Source code for "Pack Together: Entity and Relation Extraction with Levitated Marker".
In this work, we present a novel span representation approach, named Packed Levitated Markers, to consider the dependencies between the spans (pairs) by strategically packing the markers in the encoder.

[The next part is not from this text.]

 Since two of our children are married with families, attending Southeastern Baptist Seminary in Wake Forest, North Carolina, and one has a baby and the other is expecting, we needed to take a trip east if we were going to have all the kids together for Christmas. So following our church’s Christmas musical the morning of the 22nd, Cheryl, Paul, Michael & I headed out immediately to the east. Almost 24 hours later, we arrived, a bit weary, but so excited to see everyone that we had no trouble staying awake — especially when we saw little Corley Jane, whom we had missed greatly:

Our approach is evaluated on two typical span (pair) representation tasks:
-
Named Entity Recognition (NER): Adopt a group packing strategy for enabling our model to process massive spans together to consider their dependencies with limited resources.
-
Relation Extraction (RE): Adopt a subject-oriented packing strategy for packing each subject and all its objects into an instance to model the dependencies between the same-subject span pairs
Please find more details of this work in our paper.

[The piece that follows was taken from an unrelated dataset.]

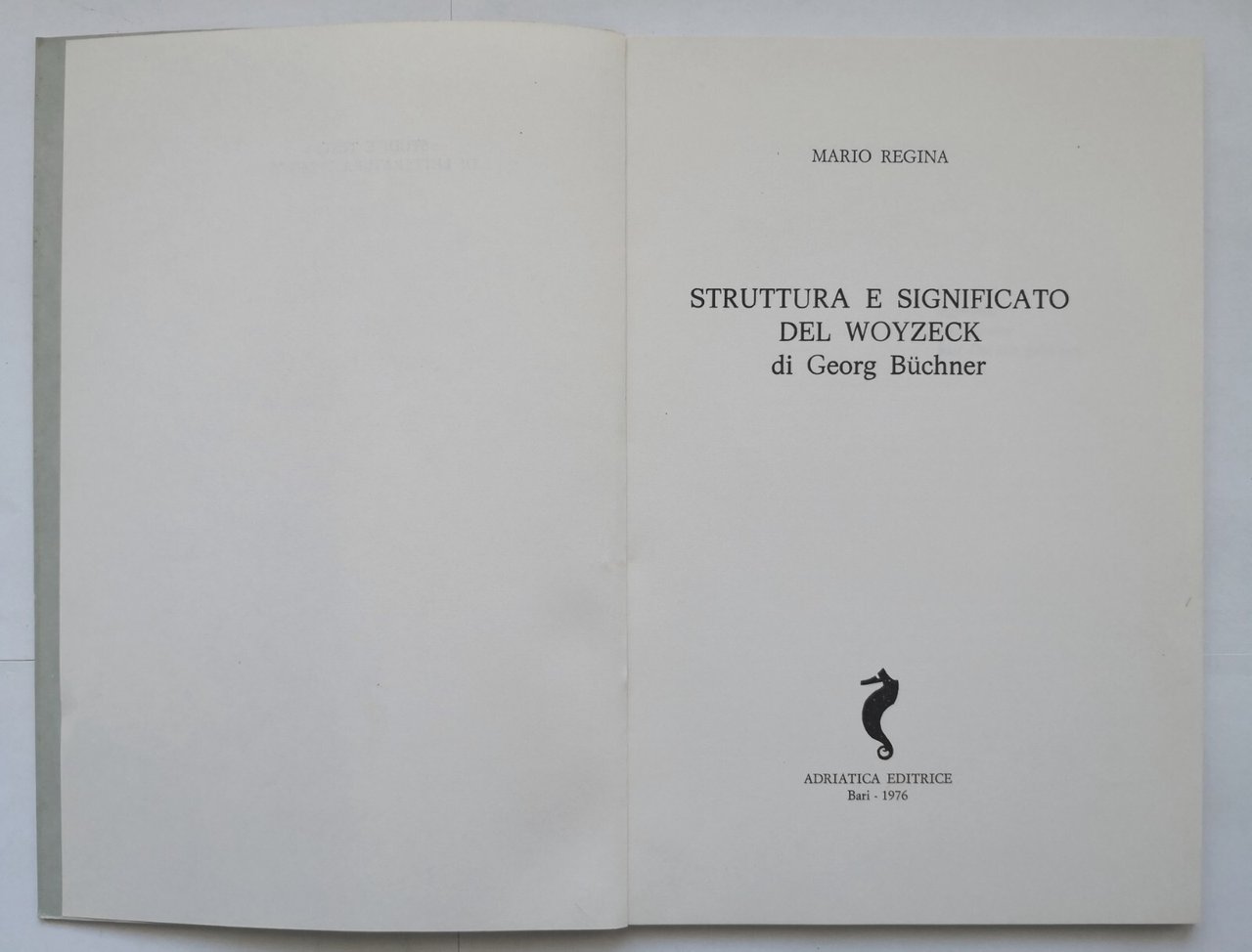 STRUTTURA E SIGNIFICATO DEL WOYZECK DI GEORG BUCHNER Mario Regina 1976 Libro

The code is based on huggaface's transformers.
Install dependencies and apex:
pip3 install -r requirement.txt
pip3 install --editable transformers
Our experiments are based on three datasets: ACE04, ACE05, and SciERC. Please find the links and pre-processing below:
- CoNLL03: We use the Enlish part of CoNLL03
- OntoNotes: We use
preprocess_ontonotes.py
to preprocess the OntoNote 5.0. - Few-NERD: The dataseet can be downloaed in their website
- ACE04/ACE05: We use the preprocessing code from DyGIE repo. Please follow the instructions to preprocess the ACE05 and ACE04 datasets.
- SciERC: The preprocessed SciERC dataset can be downloaded in their project website.
We release our pre-trained NER models and RE models for ACE05 and SciERC datasets on Google Drive/Tsinghua Cloud.
Note: the performance of the pre-trained models might be slightly different from the reported numbers in the paper, since we reported the average numbers based on multiple runs.
Train NER Models:
bash scripts/run_train_ner_PLMarker.sh
bash scripts/run_train_ner_BIO.sh
bash scripts/run_train_ner_TokenCat.sh
Train RE Models:
bash run_train_re.sh
The following commands can be used to run our pre-trained models on SciERC.
Evaluate the NER model:
CUDA_VISIBLE_DEVICES=0 python3 run_acener.py --model_type bertspanmarker \
--model_name_or_path ../bert_models/scibert-uncased --do_lower_case \
--data_dir scierc \
--learning_rate 2e-5 --num_train_epochs 50 --per_gpu_train_batch_size 8 --per_gpu_eval_batch_size 16 --gradient_accumulation_steps 1 \
--max_seq_length 512 --save_steps 2000 --max_pair_length 256 --max_mention_ori_length 8 \
--do_eval --evaluate_during_training --eval_all_checkpoints \
--fp16 --seed 42 --onedropout --lminit \
--train_file train.json --dev_file dev.json --test_file test.json \
--output_dir sciner_models/sciner-scibert --overwrite_output_dir --output_results
Evaluate the RE model:
CUDA_VISIBLE_DEVICES=0 python3 run_re.py --model_type bertsub \
--model_name_or_path ../bert_models/scibert-uncased --do_lower_case \
--data_dir scierc \
--learning_rate 2e-5 --num_train_epochs 10 --per_gpu_train_batch_size 8 --per_gpu_eval_batch_size 16 --gradient_accumulation_steps 1 \
--max_seq_length 256 --max_pair_length 16 --save_steps 2500 \
--do_eval --evaluate_during_training --eval_all_checkpoints --eval_logsoftmax \
--fp16 --lminit \
--test_file sciner_models/sciner-scibert/ent_pred_test.json \
--use_ner_results \
--output_dir scire_models/scire-scibert
Here, --use_ner_results
denotes using the original entity type predicted by NER models.
if we use the flag --use_typemarker
for the RE models, the results will be:
Model | Ent | Rel | Rel+ |
---|---|---|---|
ACE05-UnTypeMarker (in paper) | 89.7 | 68.8 | 66.3 |
ACE05-TypeMarker | 89.7 | 67.5 | 65.2 |
SciERC-UnTypeMarker (in paper) | 69.9 | 52.0 | 40.6 |
SciERC-TypeMarker | 69.9 | 52.5 | 40.9 |
Since the Typemarker increase the performance of SciERC but decrease the performance of ACE05, we didn't use it in the paper.